Das Verblüffendste an der ganzen Sache ist, dass die Konstituante bei Annahme der neuen Verfassung im kommenden Plebiszit nicht nur die volle Legitimität hatte, sofortige neue Parlamentswahlen einzuberufen, sondern auch die gesetzliche Voraussetzung. Denn Artikel 138 des Gesetzes 21.200 von Dezember 2019, Grundlage des Prozesses zur Verfassungsänderung, sagt: «Die neue Verfassung kann gewählte Autoritäten nicht vorzeitig absetzen, ausser jene Institutionen, die abgeschafft werden oder Objekt einer substantiellen Veränderung sind.»

Die Legislative hat unter den permanenten Bestimmungen des Projekts der Neuen Verfassung eindeutig «substantielle Modifizierungen» erfahren. Es steht praktisch fest, dass sich nach einem Abstimmungssieg für die neue Verfassung bei sofort folgenden Wahlen dfiese Mehrheit halten würde, um zu erreichen, dass die neue Verfassung sich tatsächlich in ihr entsprechenden Gesetzen ausdrücken könne.

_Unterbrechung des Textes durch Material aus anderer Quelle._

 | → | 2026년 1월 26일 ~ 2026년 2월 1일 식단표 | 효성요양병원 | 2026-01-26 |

Noch verblüffender – falls man das so sagen kann – dass dieser beispiellose provisorische Beschluss der Konstituante im Fall eines «Ja» zur neuen Verfassung zulassen wird, dass die nächsten vier Jahre der «Konsensblock» (Rechte + ehemalige [zentristische] Concertación) die neue Verfassung nach Belieben abändern kann. Sie braucht dafür ihre zwei Drittel, die sie sowohl in der Kammer wie im Senat hat. Vergegenwärtigen wir uns, dass es mit dieser Mehrheit keiner ratifizierenden Abstimmung für solche Reformen bedarf. Und dass sich schon ein gemeinsamer Konsens von Republikanern und Sozialisten zugunsten der Beibehaltung des Senats in seiner traditionellen Form gebildet hat.

Noch schlimmer der Wegfall sofortiger Neuwahlen bei einem Erfolg des «Ja» nicht nur ein Parlament mit einer Mehrheit für die legislative Konkretisierung der neuen Verfassung verhindern wird, sondern auch garantiert, dass die Regierung Boric über keine parlamentarische Mehrheit verfügt, um ihr Regierungsprogramm tatsächlich umzusetzen.

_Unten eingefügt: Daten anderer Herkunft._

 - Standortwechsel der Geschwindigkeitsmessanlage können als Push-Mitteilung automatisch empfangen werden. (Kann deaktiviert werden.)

Und nicht weniger überraschend als all das ist der Fakt, dass die politischen Parteien – von Regierung und Opposition – und generell die Medien etwas so Überragendes verschwiegen und verheimlicht haben! Das lässt uns das Komplott verstehen. Dieses besteht darin, dass bei einer grossen politischen Konzession beide Seiten - wer «schenkt» und wer «beschenkt» wird – versuchen, sie möglichst vor der Öffentlichkeit zu verstecken. Da es sich definitiv um eine enorme Irreführung handelt, bei der keine der Parteien ein Interesse an ihrer Veröffentlichung hat.

[Der Autor skizziert eine ähnliche Konzession der christdemokratisch-sozialdemokratischen Convergencia im Jahr 1989, die, wie so schrieb Edgardo Boeninger, ihr damaliger Chefideologe, Jahre später in einem Buch, darin bestand, die wirtschaftliche Orientierung der Rechten zu übernehmen, «was das Oppositionslager politisch nicht zugeben konnte».]

Als wäre all das wenig, hat sich auch die Regierung Boric Mit der aussergewöhnlichen Verlängerung des aktuellen Parlaments und damit der Verhinderung einer parlamentarischen Mehrheit für die Umsetzung ihres Regierungsprogramms abgefunden.

·       rebelion.org,29.8.22: Convención frustró la nueva constitución. Der Autor ist Soziologe und lehrt zeitgenössische chilenische Geschichte an der Universidad de Chile. Von 1994-96 war er Menschenrechtsberater des Aussenministeriums einer Regierung der Concertación.